According to PAGCOR, this amendment won’t have a big impact on the casinos of Entertainment City as most of the international operators already have their own in-house system guarding them against money laundering in accordance with their head offices.
“We already had comprehensive KYC systems in place, even prior to the new AML law coming into effect. There will be more administrative work, but the additional costs aren’t material,” aSolaire spokesperson said.
Salvosa says that it’s the state-owned PAGCOR affiliated casinos that will have to adjust.
Casinos will first be asked to establish policies and procedure in accordance with AMLA, which will be written into their respective programs. The casino boards of directors are the ones ultimately responsible for ensuring compliance with AMLA. The appropriate government agencies will be there to test if casinos are cooperating. AMLC can also wield authority to conduct their own compliance check.
Salvosa said one the main concerns from players is the requirement to divulge information before being able to gamble.
“We have to take measures to soften the impact. We will implement an information drive where we will inform our players that they have nothing to fear and that their information would be safeguarded and not unnecessarily disclosed. There will initially be questions and reluctance,” he said.
Another concern from casino operators and customers is the requirement for customer identification. “Casinos in the Philippines are located inside or in striking distance of restaurants or shops, unlike the set up in Singapore where you cannot enter the gaming area without passing through a certain door. We will now require customer identification documents upon entry. We are trying to discuss this with our government agencies as to how we can address this concern,” Racela added.
NTRC proposes entrance fee hike
The Philippines’ national tax think-tank has recommended an increase in the entrance fees required for players to enter casinos in the country, and to make their collection compulsory.
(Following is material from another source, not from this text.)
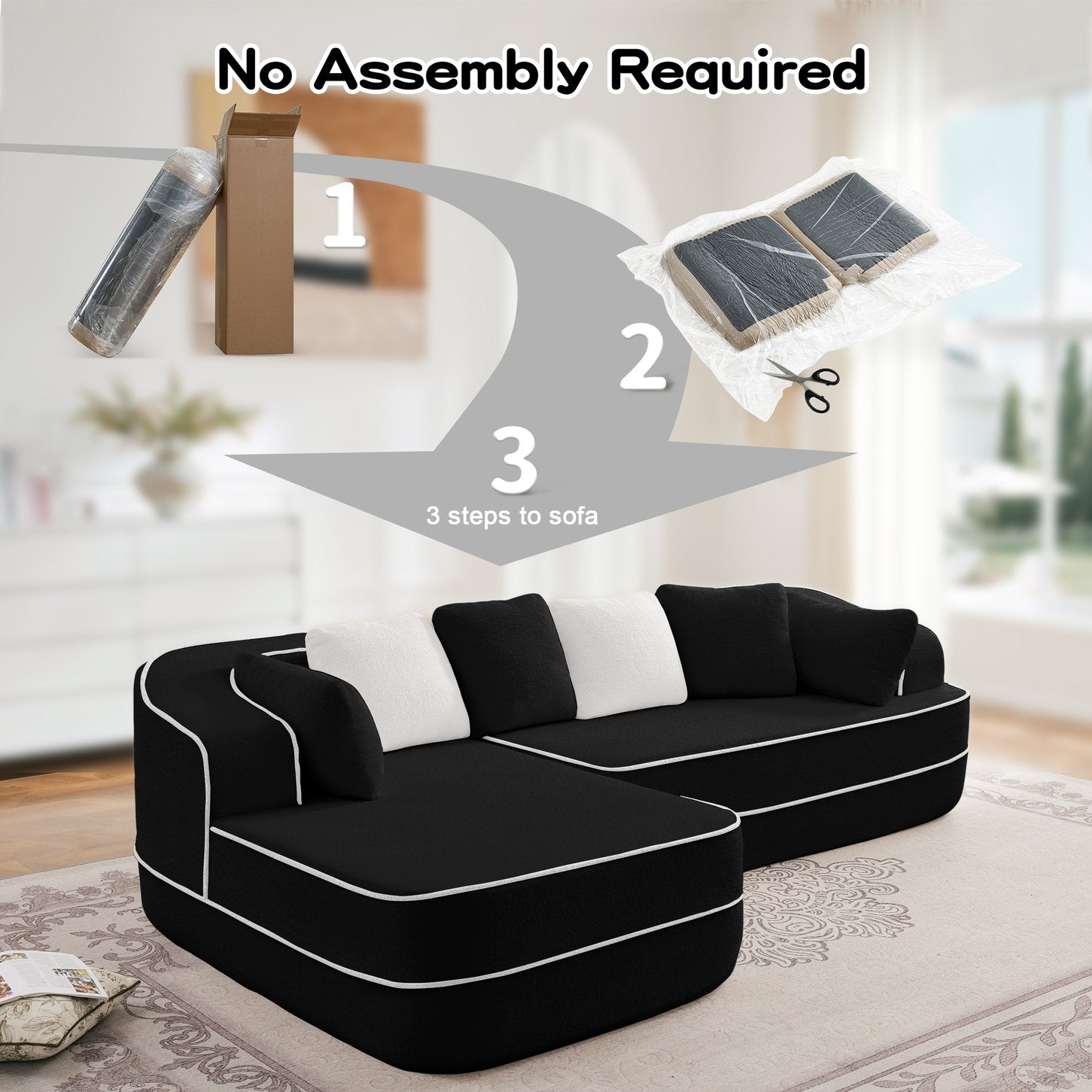 - No Assembly Required: Our modular sofa eliminates the hassle of complicated furniture setup – it's ready to arrange right out of the box. Simply unpack all components and gently pat each module to activate its elasticity, restoring its beautiful shape.

In a research report titled “Proposed Imposition of Casino Entrance Fee.”, the National Tax Research Center (NTRC) said that an amendment and enforcement of the Executive Order (EO) No. 48 issued in 1993 would be all that is needed to impose a casino entrance fee in the country.
According to the EO, Pagcor has been authorized since 1993 to collect a qualifying fee from casino players of not less than P100 per player, gathered in the form of coupons.
However, the fee has been viewed as optional.
CEZA woos investors with infrastructure pledge
Cagayan Economic Zone Authority (CEZA) CEO Raul Lambino says CEZA is implementing initiatives and various infrastructure support projects in an effort to attract investment to the zone.
He told a forum late last year that the authority wants to promote the zone as a new growth center for the North and the next transhipment and logistics hub in the Asean region.
Lambino said he will jump start the construction of a multi-storey corporate center; a world class medical center; a boutique hotel and duty free premium outlets, as well as a power plant, expressways; IRs; water, sewerage and waste services.
The move comes amidst a shakeup of online regulation in the Philippines, with the government clamping online companies with CEZA licenses in practice operating out of Manila.